Подкреплений не было, приказов тоже, пошел слух, что нас будут морить здесь до самой зимы. Исчезали дозорные, исчезали спящие в избах солдаты, исчезали ушедшие в лес и даже вышедшие на дорогу в сумерках. Время от времени французам удавалось вырезать сразу целые отряды, когда те шли на помывку к реке. В отместку фойрмейстеры обычно сжигали заживо пару десятков местных, но толку от этого не было никакого. Сполохи были все ближе, и под конец мы целыми днями сидели взаперти, боясь высунуться даже на улицу. Мерзко, верно?

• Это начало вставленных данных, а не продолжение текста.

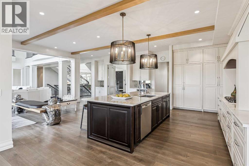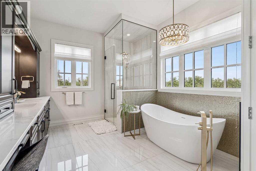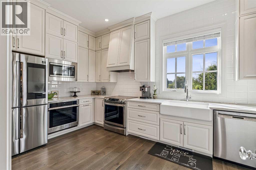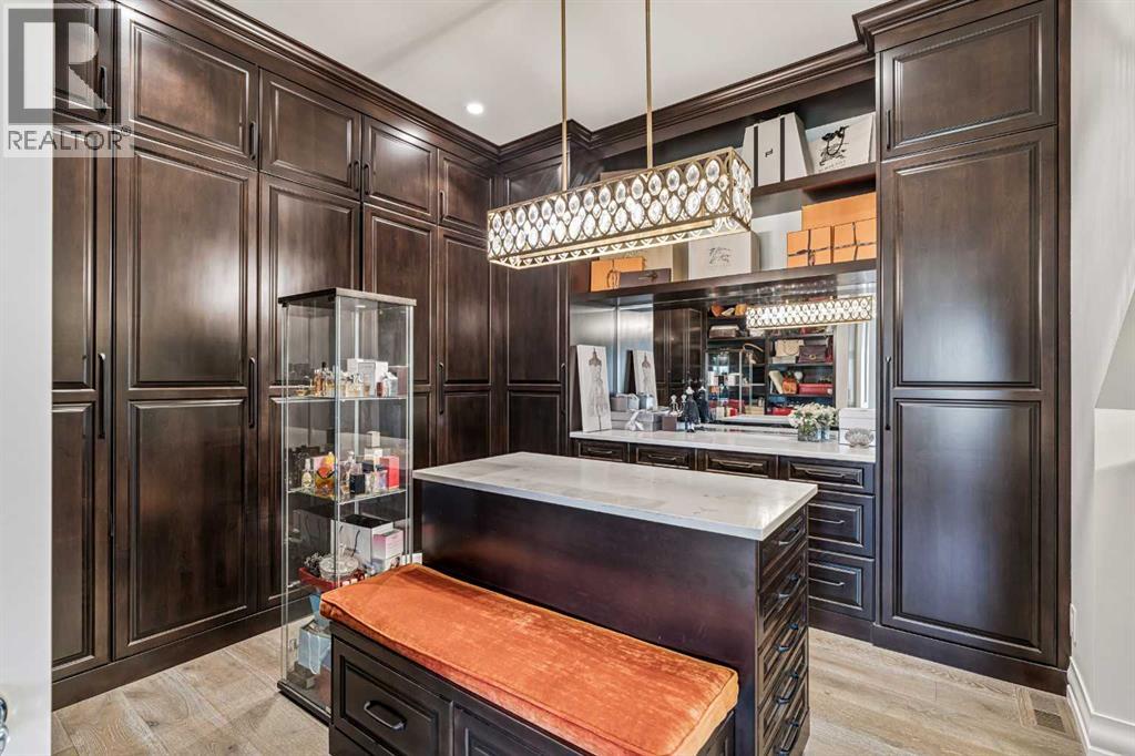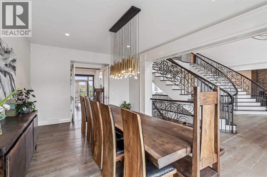 Introducing 19 McKendrick Point, an extraordinary luxury estate in the prestigious Springbank community, set on 2.3 acres and offering nearly 12,000 sq. ft. of exceptional living space. Built in 2020 by Your Property Corp, this custom-designed residence seamlessly blends elegant everyday living with grand-scale entertaining, both indoors and outdoors. Guests are welcomed through a dramatic 20-foot double-height foyer with floor-to-ceiling windows, setting the tone for the refined craftsmanship throughout. The main level features an impressive open-concept family room with panoramic views and direct access to a wraparound deck, perfect for hosting gatherings or enjoying peaceful moments with family.At the heart of the home is a chef-inspired gourmet kitchen featuring custom ceiling-height cabinetry, a large quartz island, and premium appliances including a Miele panelled fridge/freezer, as well as additional Wolf and Bosch appliances. A fully equipped spice kitchen with walk-in pantry provides added convenience for entertaining and everyday cooking. Luxury and comfort continue throughout the home with thoughtful features such as solar-powered blinds, central air conditioning, heated basement floors, ceramic-tiled bathrooms and laundry rooms, and a central vacuum system.The stunning primary retreat offers the ultimate in privacy and relaxation, complete with a gas fireplace, private office, direct deck access, and a spa-inspired ensuite featuring a soaking tub, dual vanities, heated floors, and a spacious walk-in closet with custom built-ins and makeup vanity.Designed for flexibility and family living, the home includes 7+1 ensuite bedrooms, a nanny room with full bathroom, dual mudrooms for convenient garage access, and laundry rooms on both the main and upper floors, with a rough-in for an additional laundry in the basement. The upper-level lounge provides a cozy space for reading, studying, or quiet relaxation.Outside, the property continues to impress with a cozy outdoor fireplace, expansive deck areas, and beautifully landscaped grounds. Car enthusiasts will appreciate the heated seven-car garage with dual-side access, offering exceptional space for vehicles, hobbies, or storage.Modern efficiency features include a solar-vented roof and rain-sensor sprinkler system, adding both sustainability and convenience. Families will appreciate proximity to top private & public schools including Calgary French & International School, Webber Academy, Calgary Academy, F.E. Osborne School, and Olympic Heights School. Recreation and amenities such as WinSport (Canada Olympic Park), Bowmont Park, the Bow River pathways, Calgary Farmers’ Market, and excellent dining and shopping options are all within easy reach. Ideally located just 15 minutes from Downtown Calgary and within easy driving distance to Canmore and Banff, this exceptional estate offers the perfect balance of luxurious country living and convenient city access (id:63190)

— Да, господин тоттмейстер.
— Ты не видел, не чувствовал!.. — я бесцельно сжал руку в кулак, понимая, что тщетно передать мальчишке, не вдыхавшему запах сгоревшего пороха, все то, что видел я, и что сохранилось в моей памяти лучше, чем багровые и бледные шрамы на моем лице. — Я помню это время, долгое и муторное, как приступ лихорадки. Мы посылали к ним мертвецов — я и мои товарищи — но от этого не было толку. Французов уже не пугали мертвецы с их зияющими ранами, а больше мы напугать их ничем не могли. Мы можем распоряжаться лишь тем, что смерть благосклонно оставила нам после своего пиршества, так повелось. Но однажды я нашел выход. И с тех пор меня в полку стали звать за глаза Шутником.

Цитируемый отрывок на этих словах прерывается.